Una lectura débil de la fotografía

La mejor imagen que conservo de mi infancia es una foto de Paolo Gasparini, tomada en el año 1962. Es una
composición de fuertes líneas diagonales. A la izquierda, dos autobuses. A la derecha, el borde de la calle, y
la gente. En los autobuses hay hombres que parten a la zafra. En la acera están los curiosos y la gente que
despide a los hombres de los autobuses. Hay un hombre con un niño cargado. Desde que vi esa foto por primera
vez, quise imaginar que ese hombre era mi padre. Aunque en mi infancia me tocó verlo partir más de una vez en
esos autobuses, ahora, por una de esas trampas de la memoria, prefiero verlo despidiendo a los que parten. El
niño en sus brazos no puedo ser yo, por una simple cuestión cronológica. Pero pudiera ser uno de mis hermanos.

Hay muchas maneras de aparecer en una foto. Hay muchas maneras de apropiarse de la vivencia de otros. Mi
vínculo afectivo con esta fotografía es mucho más fuerte que con cualquiera de las que se hicieron en Cuba
durante esa época y los años posteriores. No tiene nada que ver con el mensaje patriótico, con la propaganda
revolucionaria o con la historia de Cuba. Tiene que ver con mi propia historia, paradójicamente con la historia
que no viví. ¿Cómo se ha convertido en mía la historia que me precedió? Precisamente gracias a otros recuerdos,
gracias a otros relatos, gracias a otras fotografías. Tiene que haber algo que no recuerdo, y que esta foto me
hace reconocer, aunque no recordar. Reconozco que he olvidado algo, y trato de suplirlo con esa foto.

En la foto hay algo conmemorativo que rebasa mi propia memoria. Las muchachas en el ángulo inferior derecho,
con ese gesto tierno y melodramático al mismo tiempo, dan un toque lírico a una imagen que tiene mucho de épico.
Le dan un toque de ternura y de sencillez, que no es extraño en las fotos que hizo Gasparini en esa época en
Cuba. Crean una atmósfera particular en este rincón de la composición.

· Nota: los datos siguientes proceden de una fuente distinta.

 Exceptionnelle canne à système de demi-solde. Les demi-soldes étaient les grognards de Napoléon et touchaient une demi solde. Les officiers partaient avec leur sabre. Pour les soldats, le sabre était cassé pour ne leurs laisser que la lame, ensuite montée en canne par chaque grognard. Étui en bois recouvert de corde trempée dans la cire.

Por ese rincón parece cruzar, un soplo
de vitalidad.
La mujer que despide al hombre que parte es también una imagen llena de simpleza. Pero precisamente en ese
espacio de la foto es donde se concentra el aliento épico, casi mítico: el hombre que se marcha a cumplir una
misión, la mujer que lo despide y que lo espera. Como si fuera una representación de la Odisea.

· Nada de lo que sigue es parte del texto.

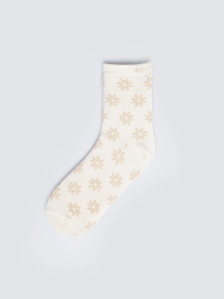 Skarpety damskie długie w metaliczne gwiazdki białe Luria 100
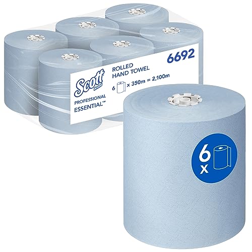 Scott väsentliga rullade handdukar 6692 – blå pappershanddukar – 6 x 350 m pappershanddukrullar (2 100 m totalt)
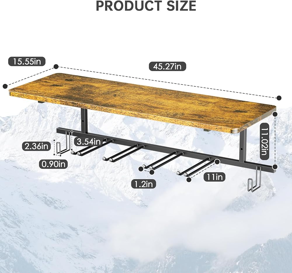 Snowboard Wall Mount,Ski Wall Mount Can Bear Weight of 400 Pounds,Ski Rack with Wooden Shelf,Ski Rack for Garage Wall Holds 12 Pairs,Snowboard Rack Size 45.27‘L’15.55‘W’inch.
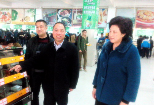 春风拂面,乍暖还寒。3月24日中午,甘筱青校长在吴桃娥副校长的陪同下来到学生食堂检查永利yl23411集团官网学生食堂的日常餐饮供应工作。
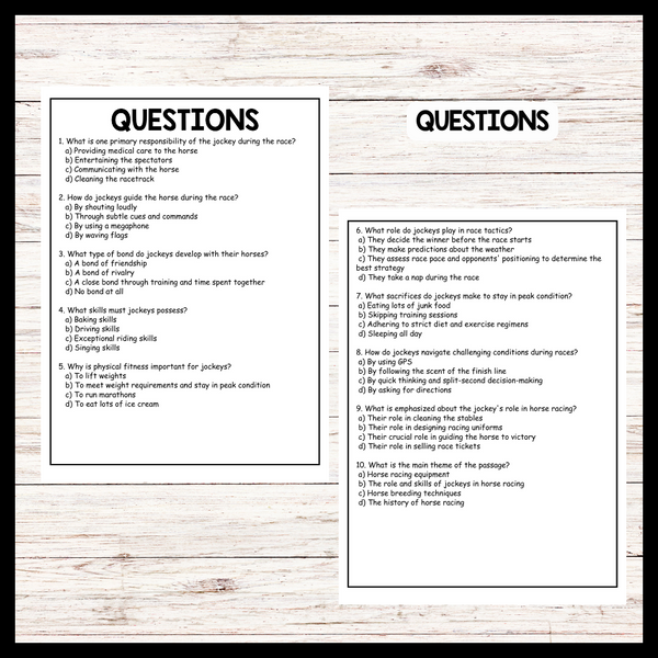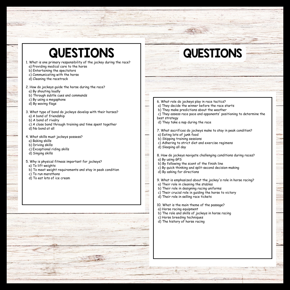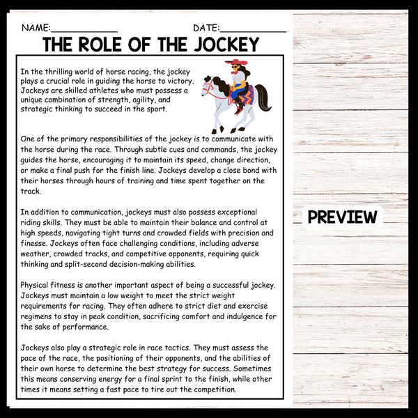 - "THE ROLE OF THE JOCKEY" KENTUCKY DERBY Reading Comprehension

Casi me parece estar viendo una imagen similar (otra imagen que me atrevo a reinventar aquí) en varias de las
fotos del Fondo Casasola. Es la primera referencia iconográfica que me viene a la memoria. Una de estas
fotografías, en particular, estructurada también con fuertes líneas diagonales, posee una distribución similar
de los personajes principales. La mujer que “despide” aquí parece ser más bien una vendedora de tacos que
alcanza la cesta de alimentos a uno de los soldados, quien se inclina a través de la ventanilla del tren. Donde
quisiera ver al hombre que carga un niño, se encuentra un campesino que sostiene un pollo entre sus brazos. A
la extrema derecha, cortado por el encuadre, otro hombre contempla la escena.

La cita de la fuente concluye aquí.